10) The Australian Dental Council (ADC) should include performance indicators for training schools for recruitment and retention of Aboriginal and Torres Strait Islander trainees and have a target of 2.4% of each profession being Aboriginal and/or Torres Strait Islander individuals.
11) Oral health should be included in the core training of all health workers including Aboriginal Health Workers.
12) Fluoridation of drinking water supplies is an effective strategy to reduce oral health problems.
13) Culturally appropriate Oral Health promotion materials need to be developed, tested for impact, and widely disseminated if effective.
14) Improved and regular collection of data on Aboriginal oral health status and use of services is needed to allow monitoring of the impact of interventions and assessment of achievement of oral health goals and targets.
15) Work with all Australian governments to develop oral health service provision at all its member health services.
16) Work with stakeholders to develop cultural awareness training for all oral health workers.
17) Campaign in support of fluoridation of city, town and community water supplies.
18) Improve the level of useful Aboriginal oral health data initially by influencing the capacity for the sector to collect national data collection in those Aboriginal Community Controlled Services with an existing oral health service – e.g periodontal and dental caries status, oral hygiene knowledge and periodontal disease links with Diabetes etc.
19) Support research to collect information on the areas of individual oral health behaviours, knowledge and barriers in regards to oral health including the availability and affordability of oral hygiene items.
NACCHO calls upon the Federal Government, in collaboration with state and territory governments and NACCHO, to:
20) Fully fund and implement the 2014 National Partnership Agreement
21) Set and monitor goals and time specific targets in relation to meeting a range of oral health outcomes such as caries rates, periodontal disease rates and tooth extraction rates.
22) Formally recognise oral health as a key part of Aboriginal holistic health care to be provided by ACCHSs.
23) Allocate resources specifically for oral health services for Aboriginal peoples.
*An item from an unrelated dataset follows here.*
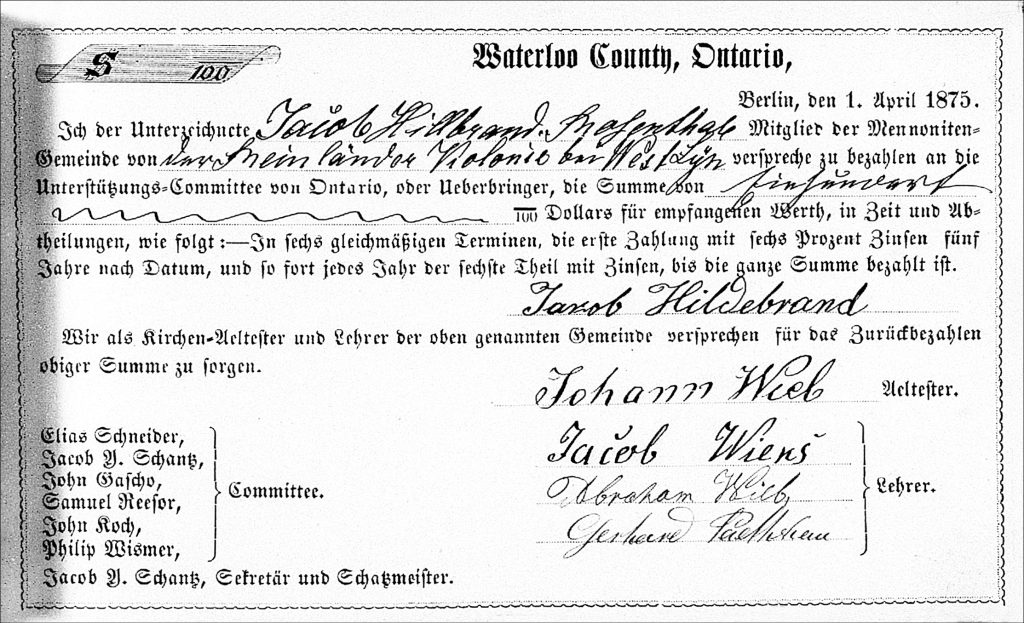 The government loan for the 1870s Mennonite immigrants’ travel and resettlement expenses, which was secured by bonds signed for by Ontario Mennonites, in addition to the direct loans of their own funds extended by the latter, has already been extensively covered by others.4 The West Reserve Gebietsamt records, fragmented as they may be, provide the Reinländer Gemeinde account of events. In 1875, the Mennonite immigrants destined for the West Reserve settled in eighteen villages and it seems apparent that the Waterloo Society had prepared for their arrival and anticipated their financial needs. The society had pre-printed promissory notes marked “Berlin”5 and dated April 1, 1875, with blanks left open for names, sums, and signatures. The individual’s name and village of settlement was subsequently added and that he was a member of the Mennonite “Gemeinde” of the Reinländer Colony at West Lynne. For value received, the individual promised to pay the society or bearer, a certain sum: in each case $100 was entered. It was repayable in 6 equal installments, the first payment with 6% interest due 5 years after the issue date, with payments continuing annually thereafter until it was fully paid. This promissory note was signed by the individual and then countersigned by Ältester (bishop) Johann Wiebe and three ministers, (Jacob Wiens, Abraham Wiebe, and Gerhard Paetkau), who promised to ensure the repayment.6 Some individuals signed several $100 notes.7 Heads of 145 families, all appearing to be 1875 arrivals, were recorded as owing $22,252 through these notes.8 However, at the end of 1875 this sum had only reached $21,852.9 This amount was recorded as part of the Gebietsamt corporate debt.10 Despite the first West Reserve settlers having only arrived in July 1875, the Gebietsamt noted that interest would be calculated thereon from the 1st of April,11 the date on the preprinted promissory notes. Other such promissory notes for the 1876 immigrant arrivals likely existed but the Gebietsamt did not designate a further corresponding sum specifically owing to the Waterloo Society as they initially did for the 1875 arrivals.

24) Increase oral health promotion activities in ACCHSs. This would require both increased financing for the development and testing of suitable materials, service provision and training of the AHW workforce.
25) Provide subsidised tooth brushes, tooth paste and floss to all remote communities in the first place and extend this as necessary to other communities where data collection indicates there is an access issue for these items.
NACCHO calls upon state and territory governments to:
26) Fluoridate all town, city and Aboriginal community water supplies that do not naturally contain a level of fluoride sufficient to prevent dental caries and immediately fluoridisation where this has ceased.